To date, all of the current disputes have been related to:

  • Satellite launch and delivery
  • Regulatory measures
  • Leasing and satellite capacity

But in the future, will the PCA resolve legal disputes arising out of public access to outer space? That remains to be seen.

How We Can Fix the Jurisdictional Gap in Outer Space

According to Andrew G. Haley, the President of the International Astronautical Federation in 1958, “Law must precede man into space.” So before private actor disputes occur – and they will – there should be space legislation in place that anticipates and addresses the various disputes and legal issues that can occur in outer space.

This new space legislation will have to be innovative enough to accommodate the changing dynamics of space exploration, tourism, commercialization and habitation. Also, it should be neutral enough to not interfere with a nation’s sovereignty.

The first way of solving the jurisdictional gap in outer space is for merchants to agree to privately resolve problematic issues and breaches of law through mediation. The parties involved will also voluntarily enforce the decision achieved through mediation.

This model of handling disputes dates back to the Middle Ages, and it was created in the absence of codes of law to meet the needs of merchants. However, changing the path of behavior from dependence on codified law and/or established custom to private adjudication has to be created by improving awareness.  

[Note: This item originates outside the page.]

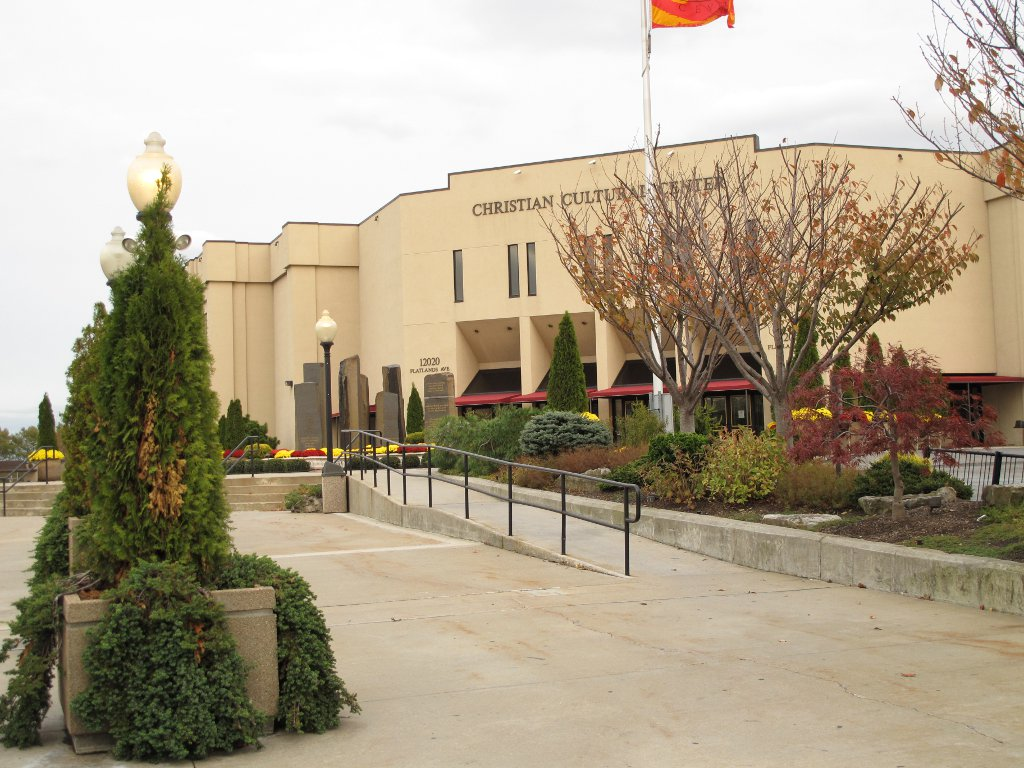 The Christian Cultural Center in Brooklyn, NY, as shown from the west side, on a November late afternoon.

In other words, the space industry must enlighten nations and private actors to the possibility of using private mediation to resolve disputes. Private adjudication is less formal, but it can create customs in international law. Those customs may establish a framework for codified private international laws or state laws in regard to commercial space activities and dispute resolution for incidents occurring in outer space.  

Second, nations can require commercial parties to waive national jurisdiction and agree to have various disputes arbitrated by multinational tribunals. This waiver would be incorporated into national space legislation and required for commercial space activities in outer space. Companies would be expressly bound by these tribunal rulings.

Third, spacefaring nations can establish an International Space Tribunal (IST), where private space disputes of all kinds would be adjudicated. These disputes would have to take place in outer space or beyond national air space.

The IST could establish unique rules for space legislation and evidence. Its rulings could initially construct a legal foundation, based on precedence, through interpretation of “treaties, customary international law, widely recognized principles of law, the decisions of national lower courts and scholarly writings,” which are the five sources of international law.

It’s inevitable that there will be disputes between private non-state actors in outer space. Unfortunately, current space legislation does not adequately accommodate dispute resolution requirements concerning these actors. It is imperative to establish a legal framework now to avoid legal mayhem and to ensure the absence of forum shopping, uniformity, predictability, and judicial efficiency.

Alexandra Dolce is a commercial law attorney in New York City, specializing in contracts and procurement. She is currently pursuing a LL.M. in space law from the University of Mississippi. Alexandra holds a bachelor’s in print journalism from Howard University, a master’s in diplomacy from Norwich University and a J.D. from Temple University.